Striving to understand our clients' wants and needs is why our research is focused on the ever-evolving, increasingly multicultural wealth landscape. Our commitment to research and data intelligence allows us to quantify the market opportunity, identify investor inclusion goals and track our progress.

2. Don’t overgeneralize

While the term "multicultural" broadly describes a corporate effort, it does not define or imply a singular community. Understanding your audiences means understanding the cultural differences between African-American or Afro-Caribbean or across any of the cultural diasporas. Failure to do so will undermine your efforts. Identify and learn the cultural journeys that best pertain to your business goals, constituents and employee base, and provide pathways to success from there. At UBS, we believe grounding our data in storytelling centers the human experience and actively invites people to explore across cultures.

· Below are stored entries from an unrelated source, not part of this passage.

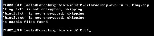 그래서 fcrackzip을 이용하여 해당 zip 파일의 암호를 해독해보려 했는데 flag.txt가 암호화가 되어있지 않다고 뜬다.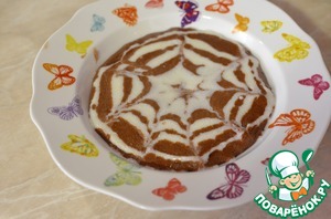 И так далее чередуем слои. Чайной ложкой (обратным ее концом) сделать линии к центру каши, у меня вышло 8 линий. Получится такая вот паутинка.
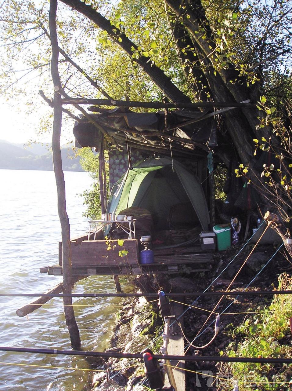 Osobne používam už niekoľko sezón bivak Starbaits Challenger, ktorý v takýchto prípadoch staviam bez zimného plášťa; ten ho predlžuje o 120 cm, pričom obvykle takéto zväčšenie obytného priestoru nie je na týchto miestach možné. Je pre mňa veľmi výhodný z hľadiska jeho variability, pretože ho môžeme uplatniť v rôznych situáciách, v ktorých lovíme. Odzipsovanie prednej steny mi výrazne zníži nároky na veľkosť priestoru pod bivakom a zvýši šance na jeho umiestnenie aj v náročnejšom teréne.

3. Educate stakeholders on the relationship between inclusive design and the firm’s Diversity, Equity and Inclusion (DEI) strategy

Firms have various stakeholders such as shareholders, employees, clients, communities and suppliers. Corporate DEI efforts have traditionally focused on employees, while more recent efforts around investor experience address clients. Without a doubt, the two are connected—who better to design an inclusive client experience than a diverse group of employees? Nevertheless, for optimal performance, it is essential that your leaders appreciate their distinct functions. This factored heavily into our decision to conduct a pre-launch road show across all markets.

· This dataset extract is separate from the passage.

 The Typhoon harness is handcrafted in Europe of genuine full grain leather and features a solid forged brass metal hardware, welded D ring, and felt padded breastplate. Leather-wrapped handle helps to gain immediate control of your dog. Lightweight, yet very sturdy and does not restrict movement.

4. Collaboration, diversity of thought is required

Reimagining the investor experience isn’t the work of one person; it takes partnership, persistence and patience to effect lasting change. You must insist on thoughtful minds at every step of the process. Don’t define diversity along one dimension such as race or ethnicity; consider a broad spectrum and encourage diversity of thought, too. Create space for folks to be vulnerable about their life experiences, share ideas early and often and challenge our approach. As I wrote earlier, we established an advisory board of UBS Financial Advisors (our “Coalition of Doers”) to make progress in these critical areas and I am continually encouraged by their dedication.

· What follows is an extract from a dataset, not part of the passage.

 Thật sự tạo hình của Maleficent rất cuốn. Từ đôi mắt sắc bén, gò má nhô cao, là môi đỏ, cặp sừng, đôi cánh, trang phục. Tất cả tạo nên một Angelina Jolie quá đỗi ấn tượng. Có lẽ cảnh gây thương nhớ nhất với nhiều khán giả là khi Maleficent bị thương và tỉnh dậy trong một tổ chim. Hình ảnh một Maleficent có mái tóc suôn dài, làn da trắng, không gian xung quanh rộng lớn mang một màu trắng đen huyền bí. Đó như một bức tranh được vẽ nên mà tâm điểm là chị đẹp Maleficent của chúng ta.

5. To build community, give people a reason to leave the house

Being part of a larger community of investors is essential to the investor experience, and we've found that connections are best made in person. People are highly digital nowadays, yet will engage if the event provides an unforgettable, inclusive experience that highlights your unique offerings. You can expand your horizons, spark change and have an amazing time doing it. We strive to host events we would want to attend ourselves—like the Devotion watch party that we hosted on the USS Intrepid.